Developed by Günter Neumann,, Feb. 2016
Uses a semi-supervised approach by using a supervised training set in form of CONLL tables, and a set of unlabeled data for creating word vectors.
Uses liblinear as basic Machine Learning tool.
Currently it uses the following set of features for all tasks:
- suffix: compute a list of all possible suffixes from training set
- shape: compute a bit vector which characterizes the shape of a token
- cluster: uses cluster id for tokens from training set
- vector: create word vectors from unlabeled data set
Integration of new feature functions is possible. Integration of pos-processing is easy.
Training and application phase is very fast.

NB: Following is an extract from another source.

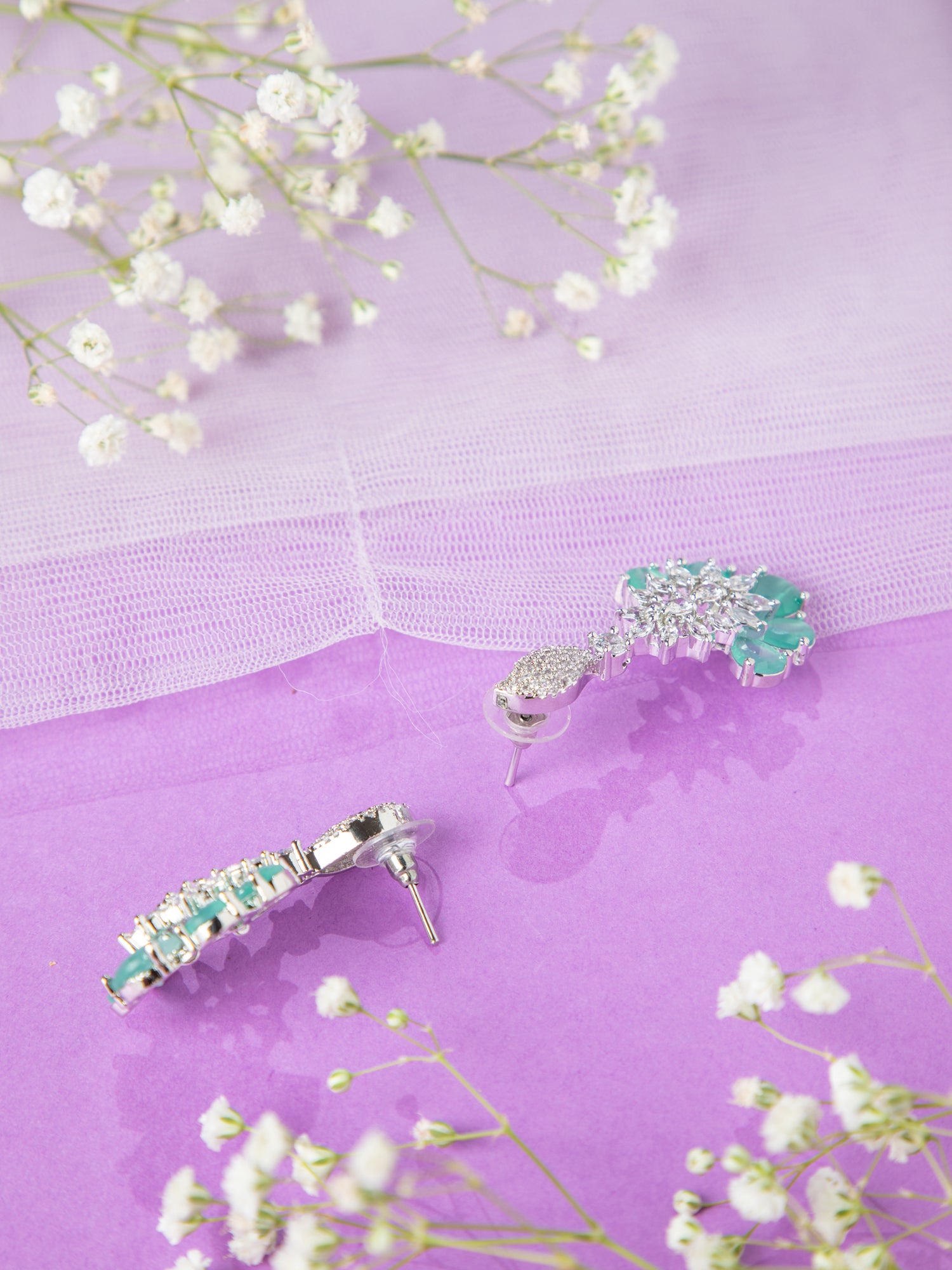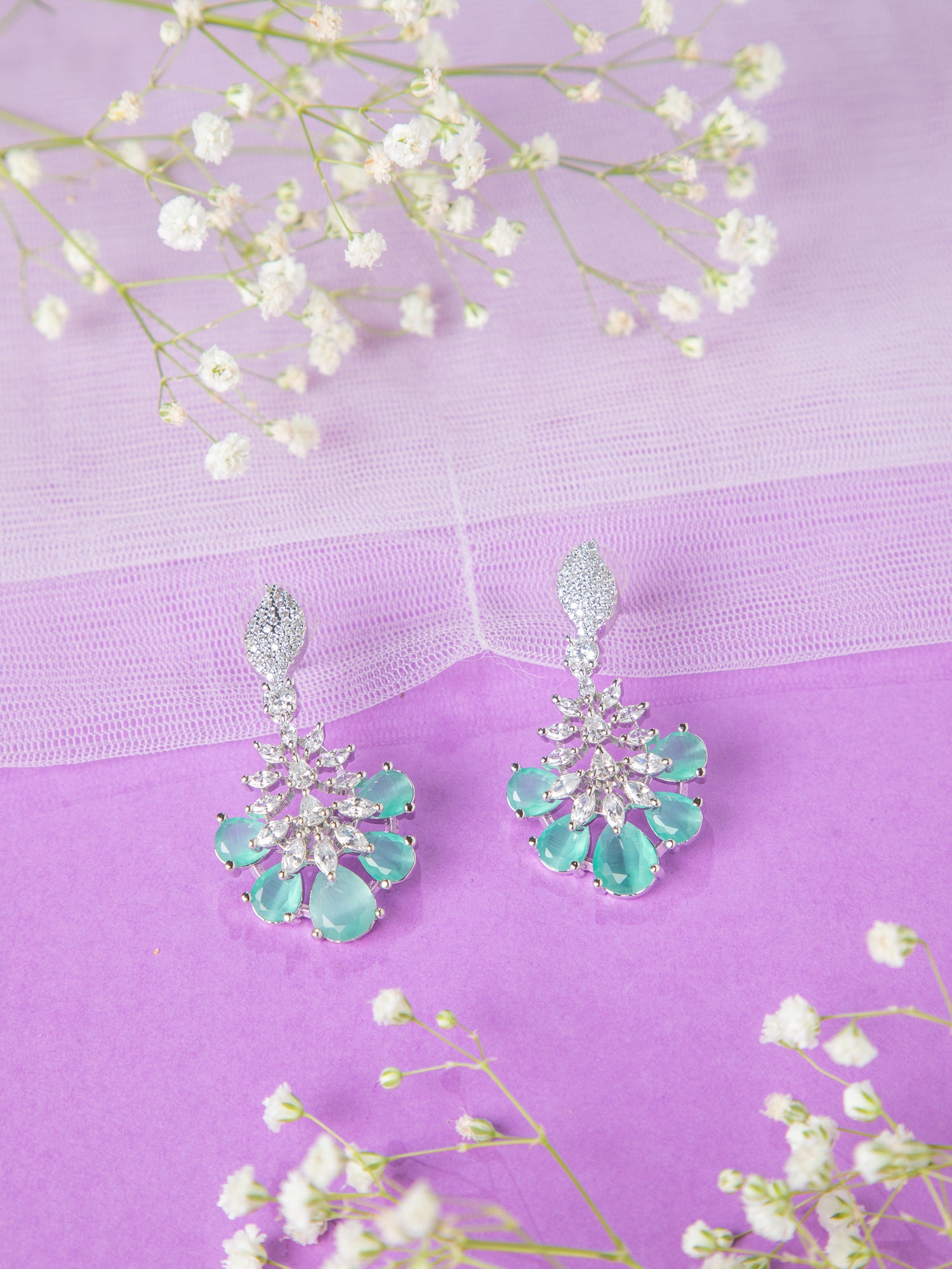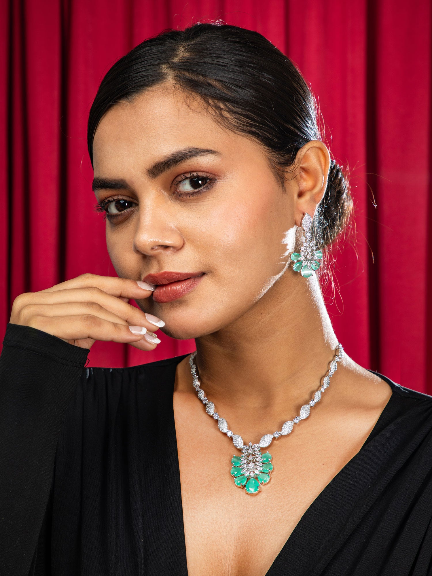 Rhodium Plated Aqua Green and White AD Necklace Set with Earrings

- POS tagging with tests on EN and DE
- NER with tests on EN and DE
- Morphology with tests on DE
- Twitter-based POS tagging for DE
I defined a simple GntTokenier class to process text files. Need to be improved soon.
Evaluation is based on file format of form
token-index token gold-label predicted-label
for example: 4 eines DET PRON
means that the correct POS tag should be DET, but GNT predicted PRON
for each experiment and test file X, such a eval file is created in folder resources/eval/X.txt
all errors are also stored in file X.txt.debug using the same format, i.e., keeping the token and its order as given from the test file.
Using this file, we also create an error file, which stores the token-free wrong labels pairs and their counts in form of
gold-label:predicted-label count
these pairs are sorted by frequency